# Nov 1 -- Halloween City End of Season Entire Store Sale



## Ghost of Spookie (Sep 28, 2008)

Just got my email from Halloween City telling about the extended hours for the last 3 Days, along with a 20% off coupon on one item and the annoucement that they will be having a year end clearance of 50% off the entire store starting Nov 1.


----------



## Trace (Sep 28, 2011)

So you CAN Combine the 20% off coupon with the 50% off?


----------



## Ghost of Spookie (Sep 28, 2008)

There 20% off coupons have a 10/31 expiration date on them. So no.


----------



## Screaming Demons (Sep 15, 2008)

Many of the props in my local store were 50 percent off yesterday. I bought a few things but most of the good stuff was gone. And some of the stuff that was left was damaged so I would want even more than half off.


----------



## Trace (Sep 28, 2011)

I just got back from the Spirit Halloween in Berkeley. They had ALOT of animatronics and a few good static props. I got the Eaten Alive guy, John Doe, Crawling Zombie, and a few other good ones, fog machine, juice for about $300. They still have 2 Bloody Mary mirrors, busts, candelabras, Grave Digger, Harvester, Zombies, SO almost everything they had is still there. 
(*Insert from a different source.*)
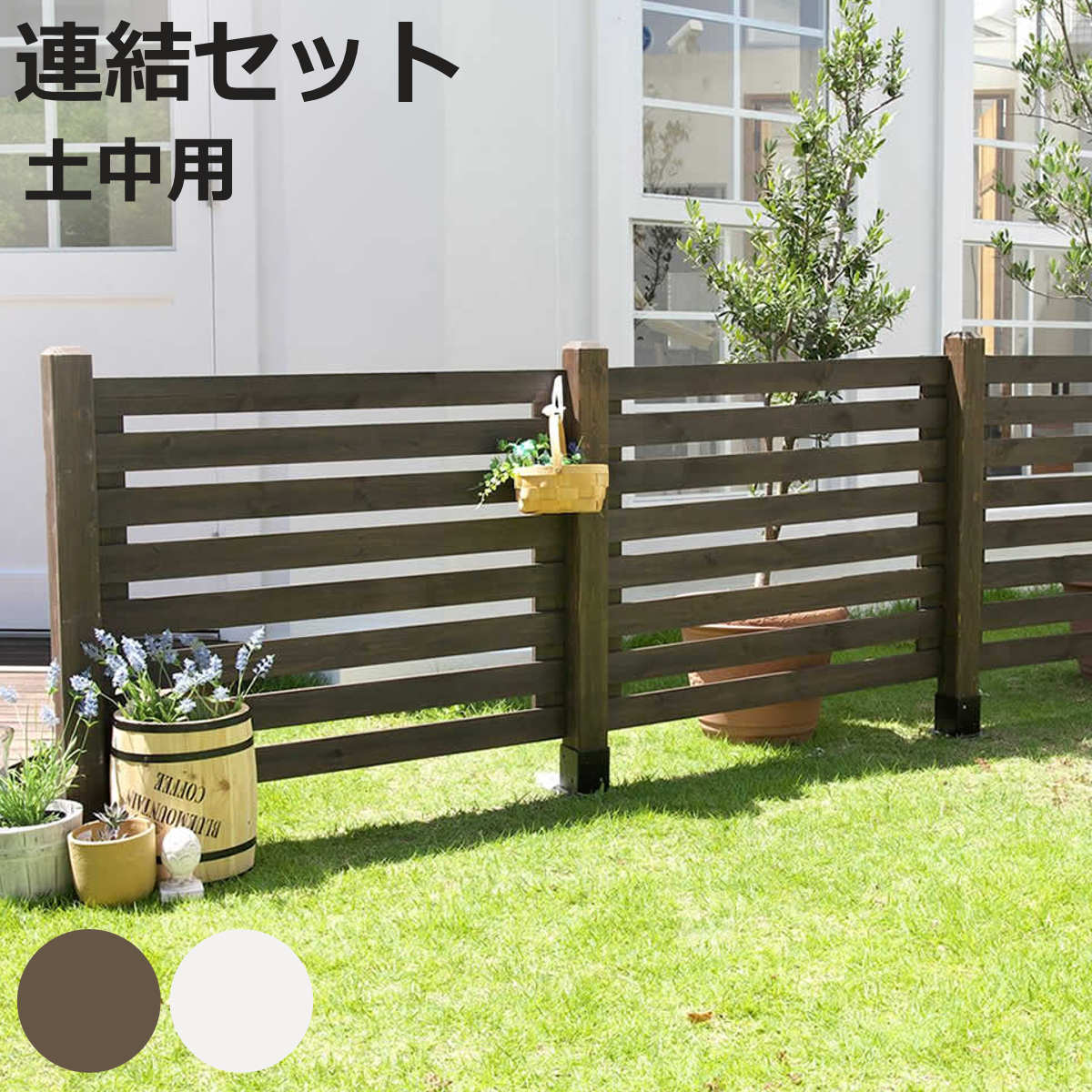 サイズフェンス1枚あたり:約 幅107×奥行2.7×高さ78(cm)ポール:約 幅7.4×奥行7.4×高さ95(cm)土中用金具:約 幅14×奥行14×高さ46(cm)重量フェンス:約3.2kgポール:約1.6kg土中用金具:約1.6kg内容量連結セットフェンス×1、ポール×1、土中用金具×1材質天然木杉材(ステイン塗装)種類ダークブラウン、ホワイト生産国中国製組立状態完成品注意事項※商品ページ内には別の商品を含む画像を使用しています備考ステイン塗装によるホワイト色は、木目や地目が見えるウォッシュホワイト仕上げとなります。区分返品・キャンセル区分(不可)フェンス ボーダーフェンス スプレッド 連結セット 土中用※こちらは、連結セット土中用の販売ページです。おすすめポイント見栄えが違うボーダーフェンス爽やかでナチュラルな雰囲気があり、モダンやスタイリッシュ、フレンチカントリーにもマッチする使いやすさが魅力の木製ボーダーフェンスです。ちょうどいいボーダーの間隔が圧迫感なく、ほどよい目隠しになるので、防犯にも役立ちます。気軽に花の水やりや小さなお子さんも安心してお庭で遊ぶことができて、簡単に癒しのプライベートガーデンが作れます。連結セット:フェンス×1、ポール×1、土中用金具×1お庭に合わせて連結できるフェンスを連結してお庭や設置したい場所に合わせて、お好きなサイズで設置できます。別売りのコーナー用ポールを使用すると、直角に設置することもできます。※コーナーに設置する場合、フェンス表面が内側に向く設計となります。商品詳細パッと明るい印象のウォッシュホワイト真っ白ではなく木目がうっすら透けて見えるウォッシュホワイト色は、設置するだけでお庭がパッと明るい印象に。色とりどりの花と合わせるだけで、地中海の邸宅風になります。シンプルシックなダークブラウン天然木の印象的な木目が特徴のダークブラウン色は、連結するほどにおしゃれで、家そのものを美しく輝かせ引き立ててくれます。気軽にお庭のイメージチェンジ届いたその日におしゃれなフェンスが設置できます。専用金具で簡単に取り付けができるので、気軽にお庭のイメージチェンジができます。土中用金具は、土中部分を外せば平地用金具としてお使いいただけます。カラーサイズご注意点単品・セットの購入はこちら土中用 単品土中用 4個土中用 8個対応しているパーツ・オプションポール95cm(ストレート) 10本セットポール95cm(コーナー) 10本セットポール176cm(ストレート) 6本セットポール176cm(コーナー) 6本セットシリーズ紹介基本セット 土中用基本セット 平地用連結セット 平地用関連キーワード:ガーデニング用品 天然木製 カフェ 店舗 diy キット 支柱 敷地 農園 境界 菜園 囲い ガーデン 屋外 オーナメント ディスプレイ オブジェ 置物 デザイン シンプル クラシック フレンチ ナチュラル 加工 レトロ シャビー 玄関先 玄関 インテリア雑貨 庭先 ビンテージ オシャレ スタイリッシュ 園芸グッズ 園芸用品 園芸 ガーデニンググッズ 置き物 おすすめ オススメ LH16477 関連商品はこちらフェンス ボーダーフェンス スプレッド 土中 76,800円フェンス ボーダーフェンス スプレッド 土中 42,000円フェンス ボーダーフェンス スプレッド 基本セ15,800円フェンス ボーダーフェンス スプレッド 連結セ9,200円フェンス ボーダーフェンス スプレッド 平地 62,000円フェンス ボーダーフェンス スプレッド 平地 35,800円フェンス ピケットフェンス ストレート 連結セ14,300円フェンス ボーダーフェンス スプレッド 基本セ13,200円フェンス ピケットフェンス ストレート 土中 120,000円フェンス ピケットフェンス ストレート 土中 62,800円フェンス ピケットフェンス U型 連結セット 14,300円フェンス ピケットフェンス U型 土中 8連結120,000円

ALL of the displays (cardboard ones: Ghostface house, Altar with the fencing/Bloody Mary prop wall holder/Cemetery sign) are $50! I dont have the space but I know someone will.


----------



## Ravenfell Manor (Oct 2, 2011)

Last year when we asked if Halloween city did a clearance sale we were told no that they send it all back to a warehouse. I guess they changed things this year. too bad we are broke until Thursday.


----------



## 13thour (Oct 29, 2008)

Just got back, I got 8 clown costumes (child and adult) 2 evil clown masks, and 5 little hanging ghouls (for a evil clown baby's mobile) didn't know it then but a carnevil theme is set for next yr. All of it was 45$ im happy!


----------



## Ghost of Spookie (Sep 28, 2008)

Trace, I think you meant to post under the Spirit Halloween thread. People should know that Halloween City deosn't have those props.

I stopped in a local HC and very few props were left. Mostly costumes and accessories. This was pretty much the situation at the HC that is closest to me on the night before Halloween and they weren't on clearance then either.


----------